High-intensity light disrupts intracellular organelle dynamics via microtubule depolymerization

Chromatophores provide an excellent model to study organelle transport as they specialize in the translocation of pigment granules in response to defined environmental signals. Our previous study revealed low-intensity light-induced xanthosomes aggregation is directly mediated by Opsin 3 in xanthophores of large yellow croaker (Larimichthys crocea). Herein, we report an incidental observation of prolonged (more than 40 min) high-intensity white light (HIWL) (10,000 lux, 3.86 mW/cm²) exposure induce xanthosomes dispersion. After dispersion by HIWL exposure, the xanthosomes remains the ability to aggregate under low-intensity light conditions. Both light-emitting diode (LED) sources at different wavelengths (blue light, λ_max = 480 nm; red light, λ_max = 686 nm) with identical brightness (10,000 lux) but varying absolute irradiance levels (3.86-22.2 mW/cm²) can induce xanthosome dispersion.
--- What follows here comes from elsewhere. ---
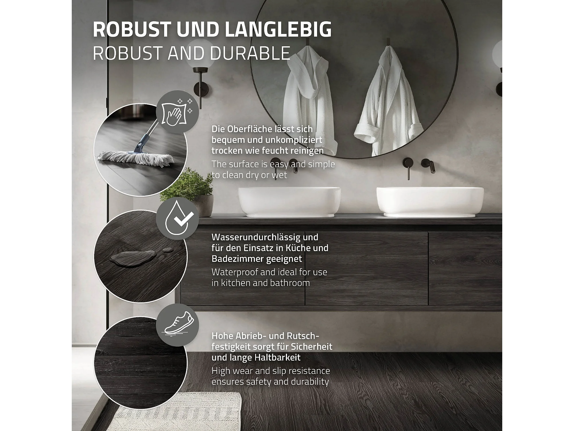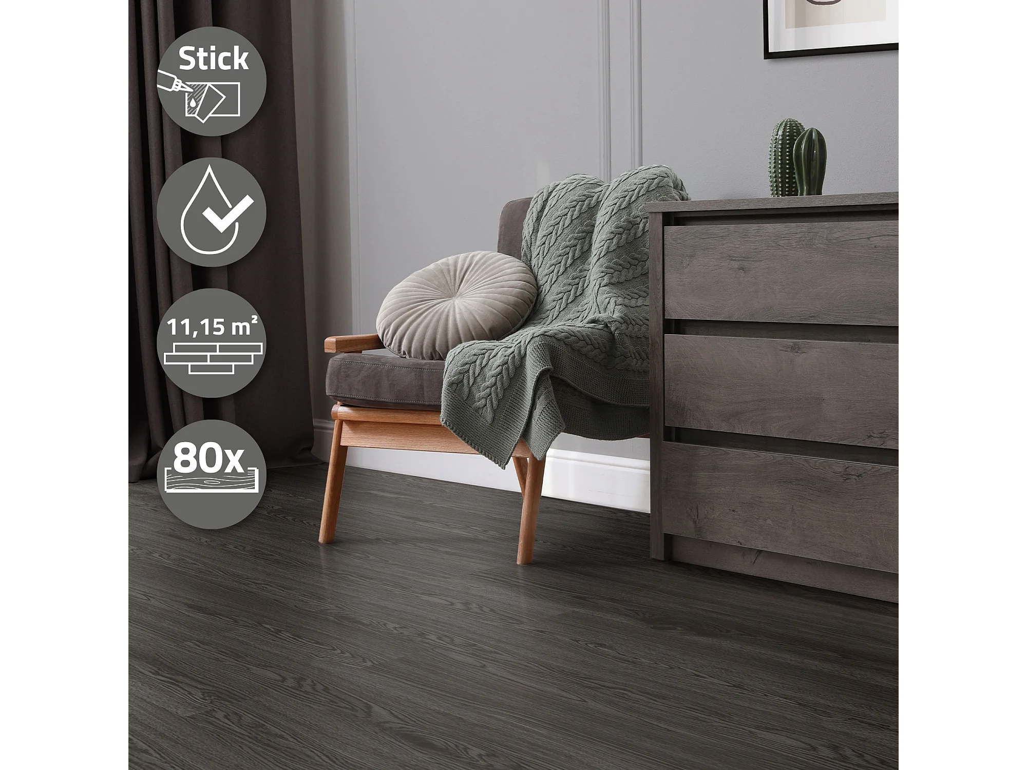 ML-Design Suelo vinílico de PVC 11,15m² color roble gris oscuro planchas sistema autoadhesivo 91,5x15,3cm láminas grosor 2 mm efecto madera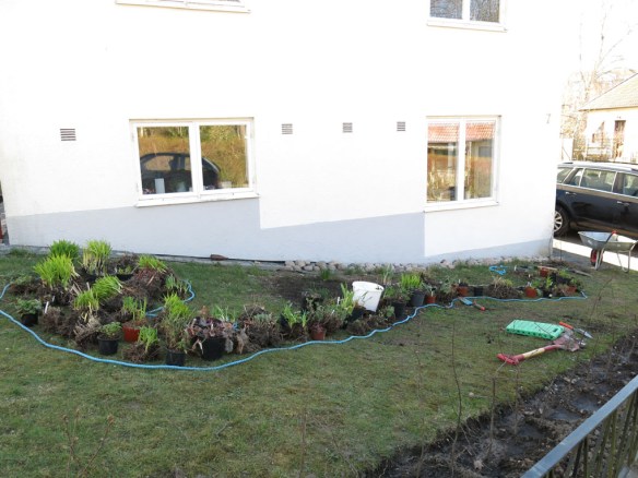 …trästammarna och lite stenar byggs nämligen in i terasserna för att förstärka lundkänslan. 217 plantor och ett hundratal tulipa ‘Tarda’ är planterade längs de två slänterna. Större plantor har planterats ner genom tidningarna. Allra närmast muren finns ett dike fyllt med småsten som grävts upp. Där är det tänkt att den jord som sköljs bort vid störtregn ska samlas så den inte sköljer ner över muren.

Ex vivo illumination and pharmacological experiments on xanthophores revealed that HIWL-induced xanthosomes dispersion is irrelevant to signaling pathways typically associated with xanthosome movement, but mediated by microtubule depolymerization, which is due to extraordinary high level of intracellular CA²⁺ released from IP₃R Calcium Channel in endoplasmic reticulum. Interestingly, such a mechanism was also presented in HeLa and HEK293T cells exposed to HIWL. In summary, our results expand our understanding of the impact of high-intensity light on intracellular organelle transport and Cytoskeleton.

Ca2+; Chromatophore; Fish; High-intensity light; Light; Microtubule.